▸ TASK GOAL
Since only the text is wanted, print every entry below exactly and omit the images.

(RECORDS TO PROCESS)

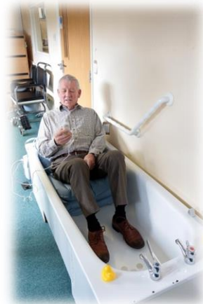
Having a bath or shower?
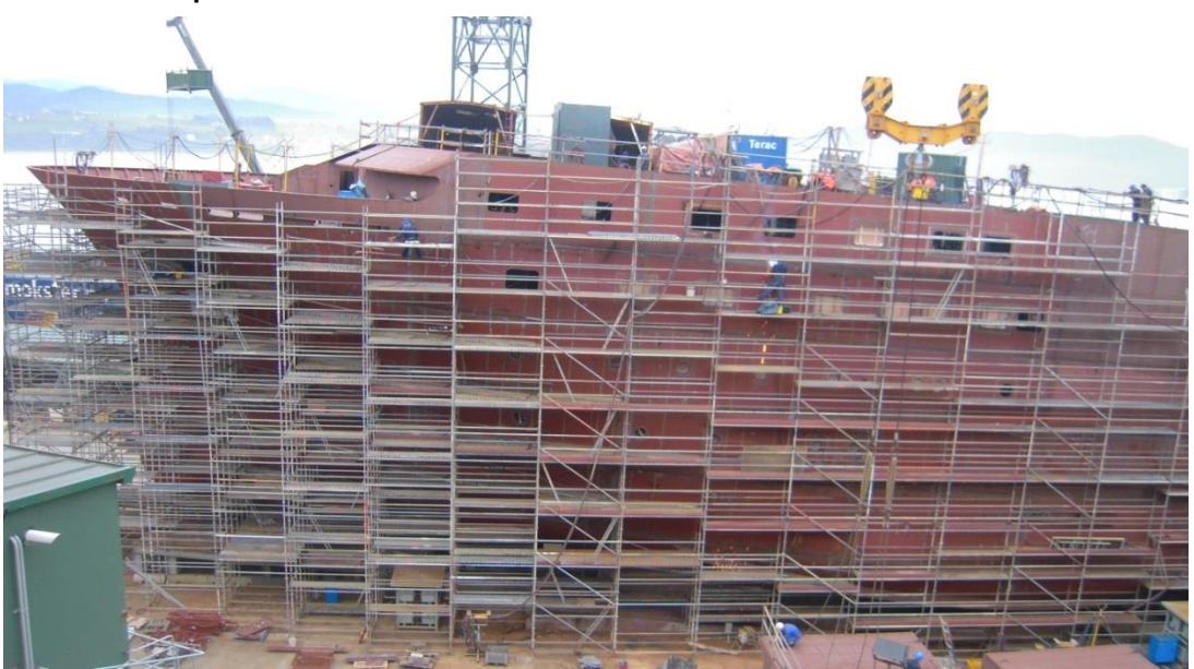
Bow area completed.

44 blocks placed and assembled on slipway by 31.10.15
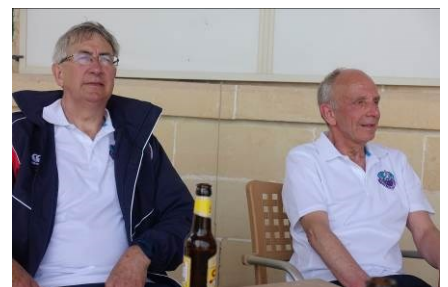
Skipper & Top Goalscorer
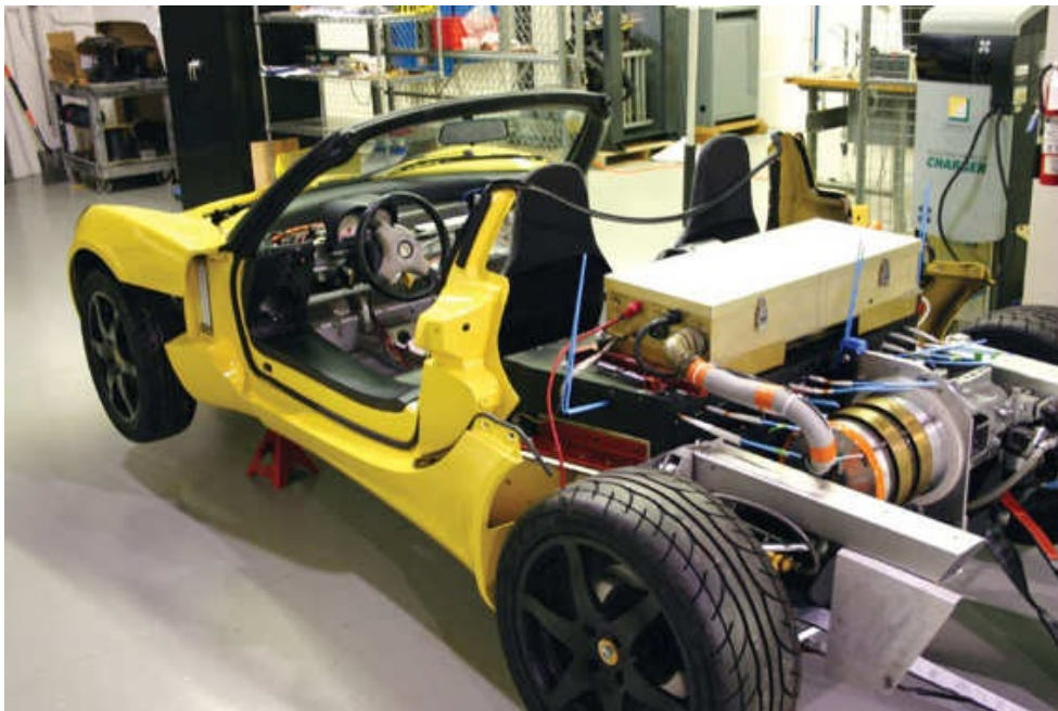
A handful of engineers built the first Tesla Roadster in a Silicon Valley warehouse that they had turned into a garage workshop and research lab.

(End RECORDS TO PROCESS)

▸ PROBLEM SOLUTION
Having a bath or shower?
Bow area completed.

44 blocks placed and assembled on slipway by 31.10.15
Skipper & Top Goalscorer
A handful of engineers built the first Tesla Roadster in a Silicon Valley warehouse that they had turned into a garage workshop and research lab.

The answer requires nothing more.